На огромных майоликовых блюдах внесли раззолоченных осетров, карпов и щук, которыми все долго восторгались, так искусно они были приготовлены, потом колоссальные блюда заливного, до того изукрашенного причудливым восковым орнаментом, что и не разобрать было, что это, собственно, такое, затем последовали паштеты в форме оленьих и кабаньих голов, зажаренные целиком молочные поросята, тоже позолоченные, куры в сладкой пахучей приправе и разные прочие пахучие кушанья, приготовленные из перепелов, фазанов и цапель. И наконец наряженные егерями пажи внесли сплошь позолоченного дикого кабана, из разинутой пасти которого вырывались языки пламени, так как туда было заложено какое-то горючее вещество, отвратительно вонявшее. Тут выскочили переодетые нимфами девицы — скорее голые, чем одетые, — и стали посыпать пол ароматическими порошками, отчего сделалось только хуже: совсем нечем стало дышать. Я просто задыхался.

Бык жадно набросился на кабанье жаркое, словно ничего до того не ел. Все прочие тоже положили себе по огромному куску темно-красного полусырого мяса, которое почитается у них за лакомство. Я с отвращением наблюдал, как они снова принялись двигать челюстями, пачкая губы и бороды жирным мясным соком, у меня было такое чувство, словно я присутствую при каком-то непотребстве, — вообще-то я избегаю есть вместе со всеми, довольствуясь лишь самым необходимым, — и мне все противней становилось глядеть на этих багрово-красных, раздувшихся от еды и питья, слишком больших людей, состоявших, казалось, из одних желудков.

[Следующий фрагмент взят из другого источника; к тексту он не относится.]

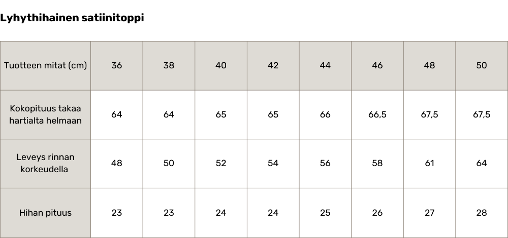 Lyhythihaisessa satiinipaidassa on normaali suora leikkaus ja istutettu hartialinja antavat istuvuutta ja ryhtiä. Rintamuotolaskokset lisäävät istuvuutta, ja sivuhalkiot pyöristetyillä kulmilla sekä hieman pidempi takaosa antavat paidalle modernin ilmeen. Pyöreän kaula-aukon takana on nappikiinnitys kauniina yksityiskohtana.

И невыносимо было смотреть, как старший стольник вспарывал кабана, вырезая изнутри кровавые куски, пока наконец не остался один скелет с висящими на нем лохмотьями мяса.

Дон Риккардо, который ел левой рукой с помощью слуги, специально приставленного нарезать ему мясо, отправлял себе в рот кусок за куском, запивая их огромным количеством вина. Лицо его представляло собой сплошную глупую улыбку, и здоровой рукой он беспрестанно подносил ко рту кубок. На нем был бархатный камзол темно-красного цвета, долженствующего, видимо, символизировать страсть — он всегда ведь одевается в честь своей дамы сердца. Взгляд его пламенел, как никогда, и он вдруг ни с того ни с сего взмахивал рукой и начинал читать какие-нибудь вздорные стишки, обращаясь к любому, кто только желал его слушать, — кроме герцогини. Напыщенные слова о любви к женщине и о любви к этой жизни изливались из него таким же потоком, каким вливалось в его глотку вино. Глаза герцогини вспыхивали, когда он изредка взглядывал на нее, и она дарила его своей загадочной улыбкой, хотя все остальное время сидела с полуотсутствующим видом, как обычно на праздниках. Кроме того, они иногда украдкой подолгу смотрели друг на друга, когда думали, что никто их не видит, и тогда у нее в глазах появлялся влажный, почти болезненный блеск. Я-то все видел. Я ни на минуту не выпускал их из виду — хоть они и не подозревали о том. Не подозревали они и о том, что таилось в глубинах моей души. Кто может про это знать? Кто может знать, что за неведомое зелье приготовляю я, карлик, в тайниках моей души, куда никому никогда не проникнуть? Кто знает что-нибудь о душе карлика, в сокровенных глубинах которой решается их судьба? Никто и не подозревает, что я собой представляю. Их счастье, что не подозревают. Если б узнали, они бы ужаснулись. Если б узнали, улыбка поблекла бы у них на губах и губы увяли бы и ссохлись на веки веков. И все вино в мире не смогло бы снова увлажнить их и окрасить.

Поглядим, найдется ли в мире вино, способное вернуть им свежесть и улыбку!

Я смотрел также на дамиджеллу герцогини Фьяметту, которая сидела хоть и не за герцогским столом, но на хорошем, в общем-то, месте, на лучшем, чем имела право по своему положению. При дворе она появилась недавно, и до сих пор я ее как-то не замечал. Теперь мне это кажется необъяснимым. Она ведь очень приметно красива, рослая и прямая, юная и в то же время зрелая, вполне созревшая для этого мира. У нее смуглое, очень гордое и жесткое лицо с правильными чертами и угольно-черные глаза, в самой глубине которых мерцает одна-единственная искорка. Я заметил, как герцог бросал на нее время от времени беспокойные взгляды, словно хотел по этому непроницаемому лицу прочитать ее мысли и узнать ее настроение. Она на него совсем не смотрела.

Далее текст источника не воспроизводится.